What the task asks. Without the pictures, give the listing below again exactly.
Working data START
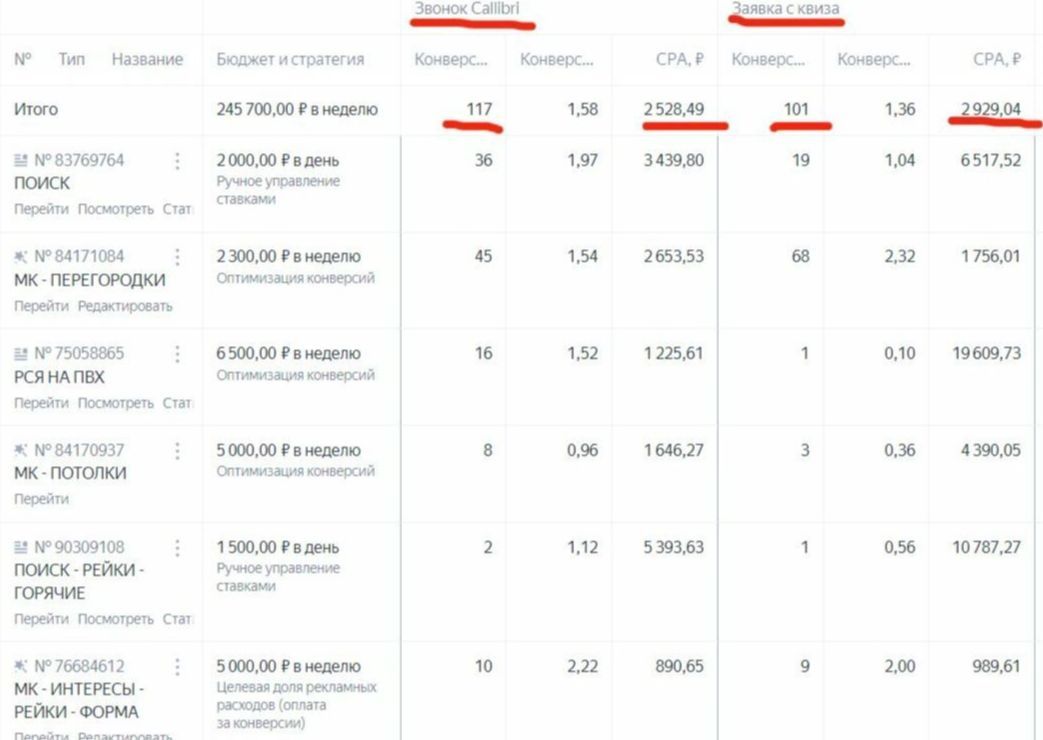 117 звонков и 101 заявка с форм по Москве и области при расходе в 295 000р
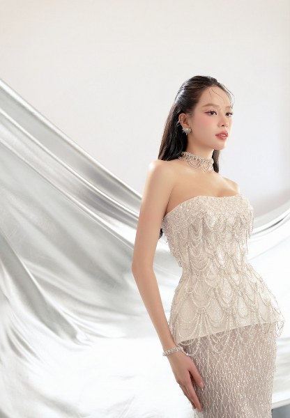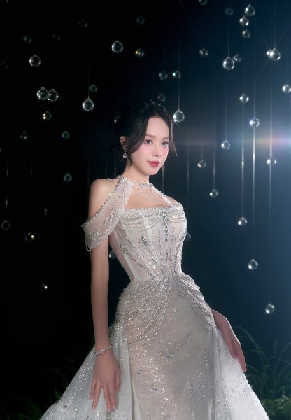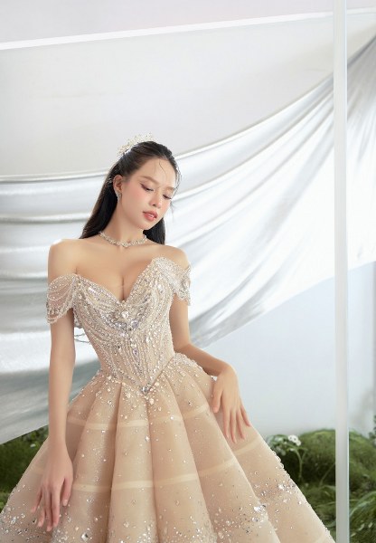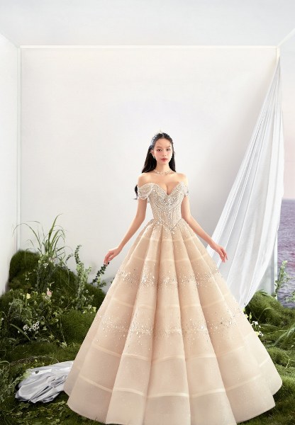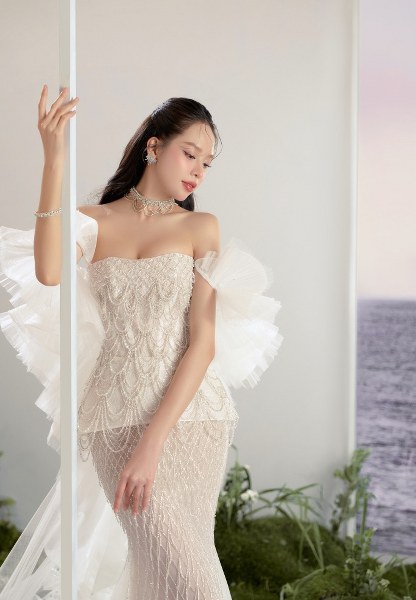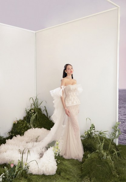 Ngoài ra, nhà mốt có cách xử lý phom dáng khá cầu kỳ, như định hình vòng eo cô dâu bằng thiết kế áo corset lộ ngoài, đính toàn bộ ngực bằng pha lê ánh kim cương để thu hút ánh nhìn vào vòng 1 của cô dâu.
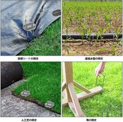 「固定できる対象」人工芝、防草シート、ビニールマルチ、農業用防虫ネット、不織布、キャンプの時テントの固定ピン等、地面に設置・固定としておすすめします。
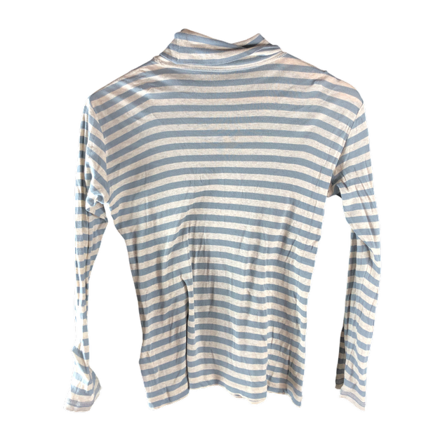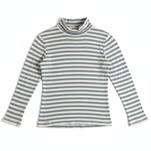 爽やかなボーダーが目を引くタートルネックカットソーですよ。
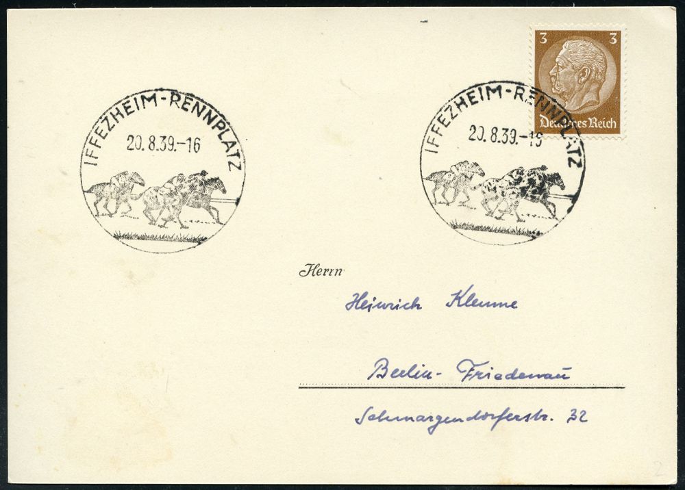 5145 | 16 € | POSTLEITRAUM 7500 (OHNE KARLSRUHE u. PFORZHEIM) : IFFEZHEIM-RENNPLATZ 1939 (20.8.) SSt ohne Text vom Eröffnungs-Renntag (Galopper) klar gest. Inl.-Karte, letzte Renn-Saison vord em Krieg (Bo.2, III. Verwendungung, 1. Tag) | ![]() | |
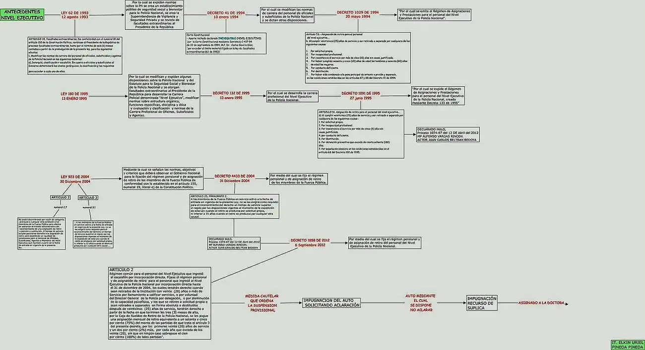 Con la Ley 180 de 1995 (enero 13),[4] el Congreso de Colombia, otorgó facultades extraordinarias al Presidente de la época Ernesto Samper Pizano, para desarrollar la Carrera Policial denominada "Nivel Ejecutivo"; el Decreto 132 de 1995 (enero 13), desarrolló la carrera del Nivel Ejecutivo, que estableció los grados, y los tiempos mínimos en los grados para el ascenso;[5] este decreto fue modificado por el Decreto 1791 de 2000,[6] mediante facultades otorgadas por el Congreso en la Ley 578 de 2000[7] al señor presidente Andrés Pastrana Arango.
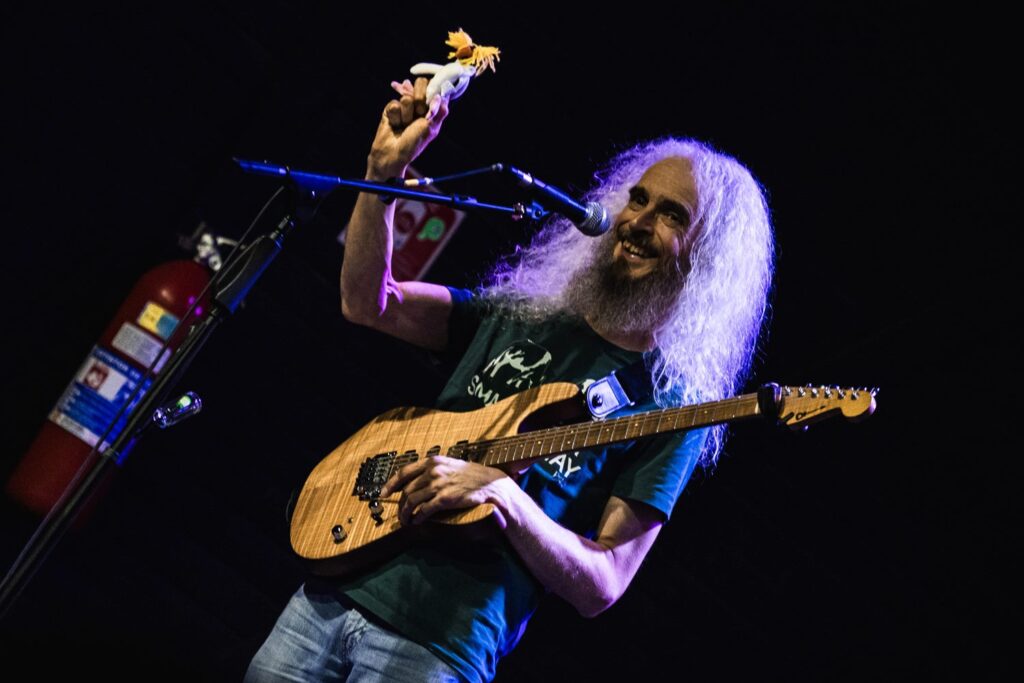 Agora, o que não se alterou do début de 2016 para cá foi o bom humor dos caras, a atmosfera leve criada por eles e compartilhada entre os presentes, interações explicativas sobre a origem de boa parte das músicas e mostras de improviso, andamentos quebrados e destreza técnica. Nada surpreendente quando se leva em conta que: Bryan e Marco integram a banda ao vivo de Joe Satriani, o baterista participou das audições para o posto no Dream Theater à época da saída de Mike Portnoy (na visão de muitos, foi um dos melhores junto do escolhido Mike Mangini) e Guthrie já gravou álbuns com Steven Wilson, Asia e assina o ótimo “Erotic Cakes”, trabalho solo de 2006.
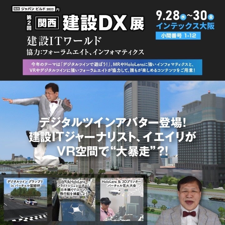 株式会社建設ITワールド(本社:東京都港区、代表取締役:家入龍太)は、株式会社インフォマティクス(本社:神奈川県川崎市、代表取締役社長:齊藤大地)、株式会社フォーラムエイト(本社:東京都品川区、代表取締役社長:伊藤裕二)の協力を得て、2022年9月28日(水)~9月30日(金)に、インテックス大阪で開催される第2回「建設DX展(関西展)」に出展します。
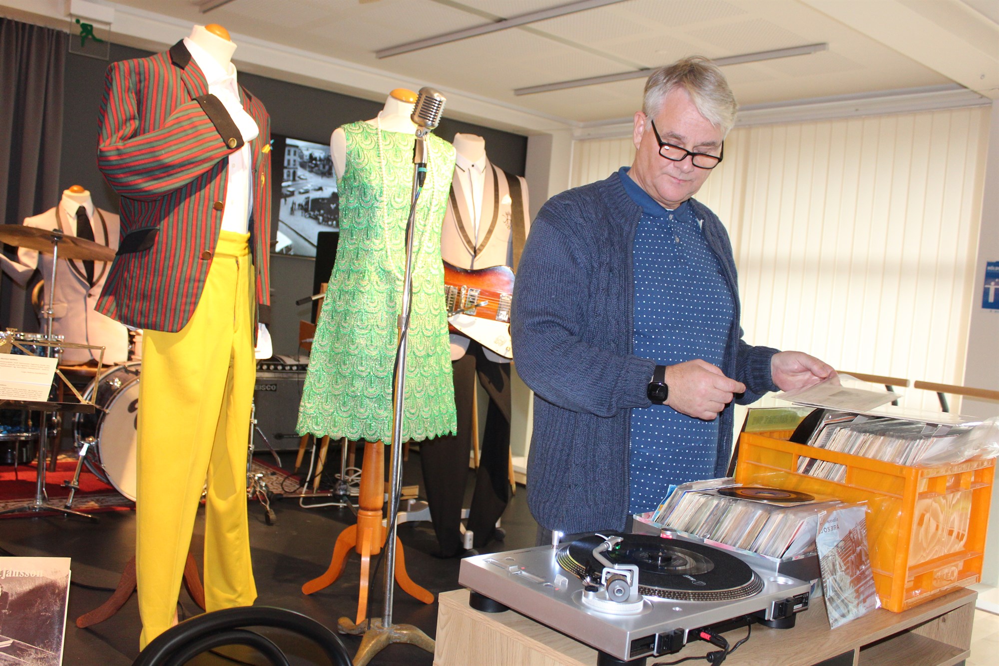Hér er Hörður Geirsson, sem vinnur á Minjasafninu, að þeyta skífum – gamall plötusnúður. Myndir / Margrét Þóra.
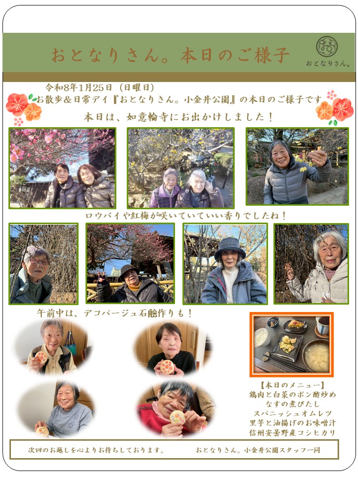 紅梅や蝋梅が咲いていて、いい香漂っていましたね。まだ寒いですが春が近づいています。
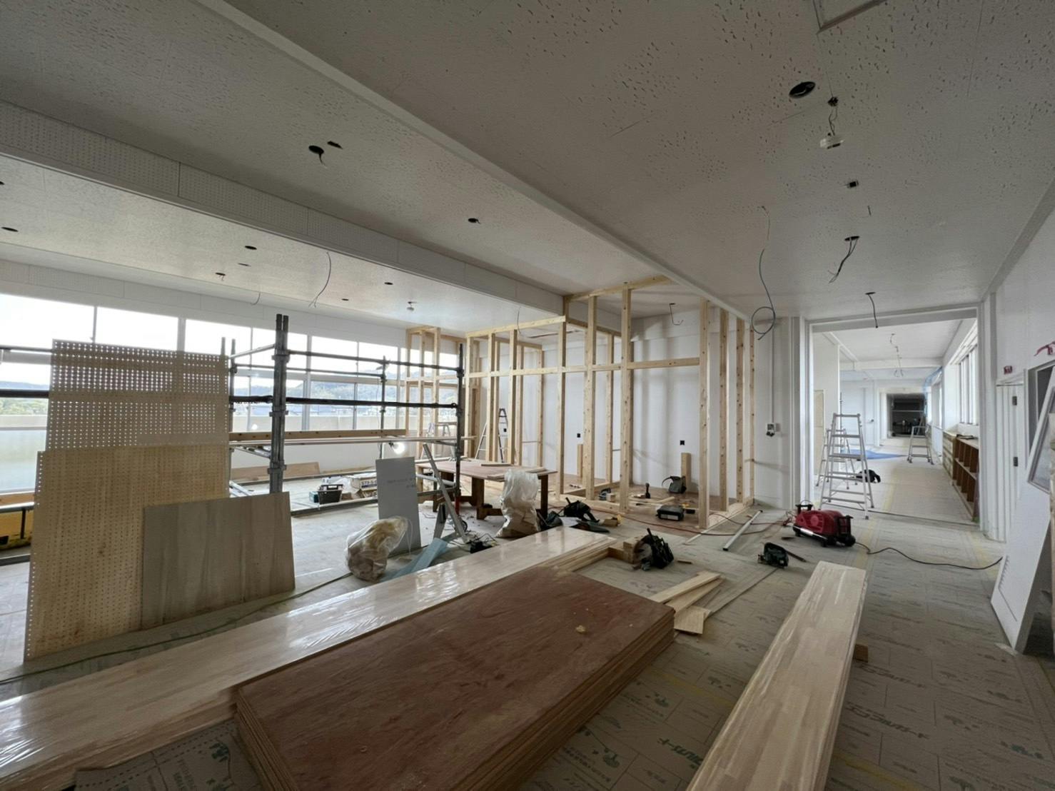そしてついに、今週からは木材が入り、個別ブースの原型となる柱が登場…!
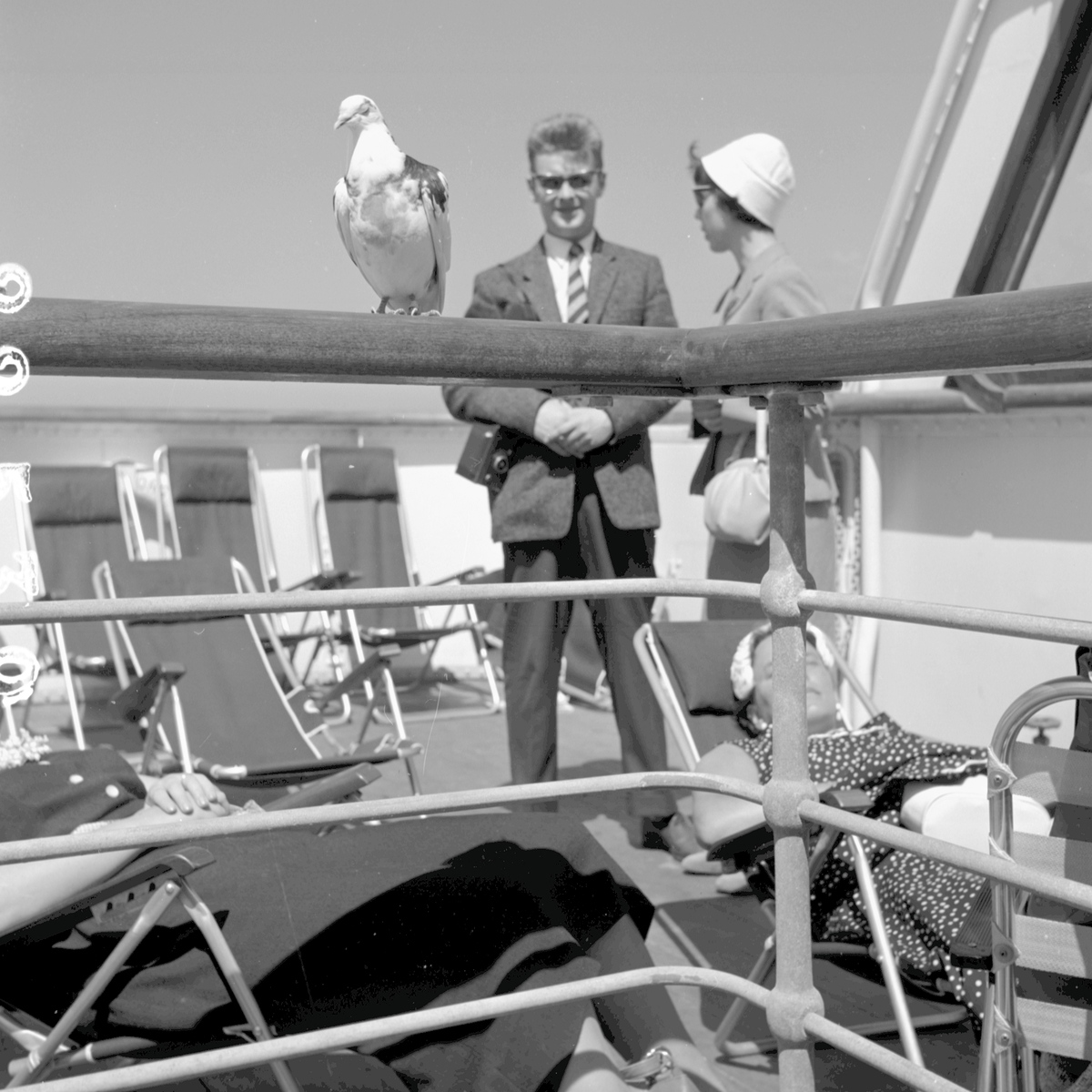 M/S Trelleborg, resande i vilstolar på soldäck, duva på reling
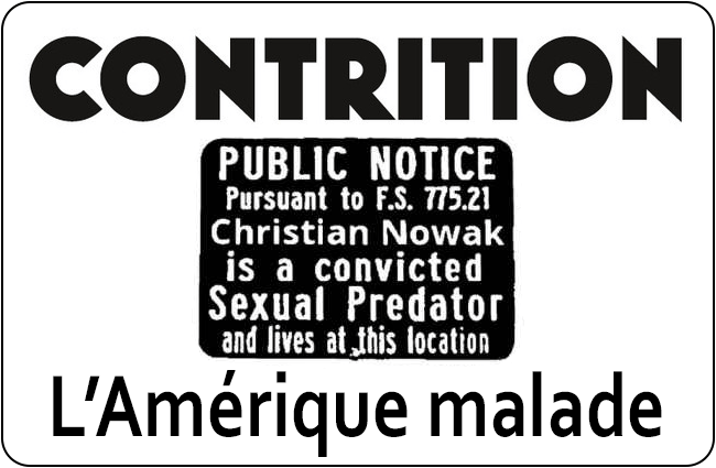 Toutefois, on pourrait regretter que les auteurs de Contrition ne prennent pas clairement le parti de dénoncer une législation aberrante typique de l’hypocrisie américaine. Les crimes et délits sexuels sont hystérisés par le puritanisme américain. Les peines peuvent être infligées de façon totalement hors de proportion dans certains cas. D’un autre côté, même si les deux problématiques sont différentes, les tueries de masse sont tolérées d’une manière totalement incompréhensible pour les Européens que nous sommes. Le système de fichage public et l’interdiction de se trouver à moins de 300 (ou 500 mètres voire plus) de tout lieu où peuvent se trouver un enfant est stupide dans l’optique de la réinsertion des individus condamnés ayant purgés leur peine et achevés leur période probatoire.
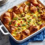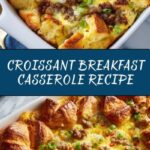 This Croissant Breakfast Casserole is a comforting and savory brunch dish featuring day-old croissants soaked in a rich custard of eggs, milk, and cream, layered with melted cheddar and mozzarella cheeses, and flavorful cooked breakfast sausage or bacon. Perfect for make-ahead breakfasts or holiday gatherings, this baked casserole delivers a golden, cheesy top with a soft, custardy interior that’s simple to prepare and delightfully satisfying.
Working data END
Response.
 117 звонков и 101 заявка с форм по Москве и области при расходе в 295 000р
 Ngoài ra, nhà mốt có cách xử lý phom dáng khá cầu kỳ, như định hình vòng eo cô dâu bằng thiết kế áo corset lộ ngoài, đính toàn bộ ngực bằng pha lê ánh kim cương để thu hút ánh nhìn vào vòng 1 của cô dâu.
 「固定できる対象」人工芝、防草シート、ビニールマルチ、農業用防虫ネット、不織布、キャンプの時テントの固定ピン等、地面に設置・固定としておすすめします。
 爽やかなボーダーが目を引くタートルネックカットソーですよ。
 5145 | 16 € | POSTLEITRAUM 7500 (OHNE KARLSRUHE u. PFORZHEIM) : IFFEZHEIM-RENNPLATZ 1939 (20.8.) SSt ohne Text vom Eröffnungs-Renntag (Galopper) klar gest. Inl.-Karte, letzte Renn-Saison vord em Krieg (Bo.2, III. Verwendungung, 1. Tag) | ![]() | |
 Con la Ley 180 de 1995 (enero 13),[4] el Congreso de Colombia, otorgó facultades extraordinarias al Presidente de la época Ernesto Samper Pizano, para desarrollar la Carrera Policial denominada "Nivel Ejecutivo"; el Decreto 132 de 1995 (enero 13), desarrolló la carrera del Nivel Ejecutivo, que estableció los grados, y los tiempos mínimos en los grados para el ascenso;[5] este decreto fue modificado por el Decreto 1791 de 2000,[6] mediante facultades otorgadas por el Congreso en la Ley 578 de 2000[7] al señor presidente Andrés Pastrana Arango.
 Agora, o que não se alterou do début de 2016 para cá foi o bom humor dos caras, a atmosfera leve criada por eles e compartilhada entre os presentes, interações explicativas sobre a origem de boa parte das músicas e mostras de improviso, andamentos quebrados e destreza técnica. Nada surpreendente quando se leva em conta que: Bryan e Marco integram a banda ao vivo de Joe Satriani, o baterista participou das audições para o posto no Dream Theater à época da saída de Mike Portnoy (na visão de muitos, foi um dos melhores junto do escolhido Mike Mangini) e Guthrie já gravou álbuns com Steven Wilson, Asia e assina o ótimo “Erotic Cakes”, trabalho solo de 2006.
 株式会社建設ITワールド(本社:東京都港区、代表取締役:家入龍太)は、株式会社インフォマティクス(本社:神奈川県川崎市、代表取締役社長:齊藤大地)、株式会社フォーラムエイト(本社:東京都品川区、代表取締役社長:伊藤裕二)の協力を得て、2022年9月28日(水)~9月30日(金)に、インテックス大阪で開催される第2回「建設DX展(関西展)」に出展します。
Hér er Hörður Geirsson, sem vinnur á Minjasafninu, að þeyta skífum – gamall plötusnúður. Myndir / Margrét Þóra.
 紅梅や蝋梅が咲いていて、いい香漂っていましたね。まだ寒いですが春が近づいています。
そしてついに、今週からは木材が入り、個別ブースの原型となる柱が登場…!
 M/S Trelleborg, resande i vilstolar på soldäck, duva på reling
 Toutefois, on pourrait regretter que les auteurs de Contrition ne prennent pas clairement le parti de dénoncer une législation aberrante typique de l’hypocrisie américaine. Les crimes et délits sexuels sont hystérisés par le puritanisme américain. Les peines peuvent être infligées de façon totalement hors de proportion dans certains cas. D’un autre côté, même si les deux problématiques sont différentes, les tueries de masse sont tolérées d’une manière totalement incompréhensible pour les Européens que nous sommes. Le système de fichage public et l’interdiction de se trouver à moins de 300 (ou 500 mètres voire plus) de tout lieu où peuvent se trouver un enfant est stupide dans l’optique de la réinsertion des individus condamnés ayant purgés leur peine et achevés leur période probatoire.
 This Croissant Breakfast Casserole is a comforting and savory brunch dish featuring day-old croissants soaked in a rich custard of eggs, milk, and cream, layered with melted cheddar and mozzarella cheeses, and flavorful cooked breakfast sausage or bacon. Perfect for make-ahead breakfasts or holiday gatherings, this baked casserole delivers a golden, cheesy top with a soft, custardy interior that’s simple to prepare and delightfully satisfying.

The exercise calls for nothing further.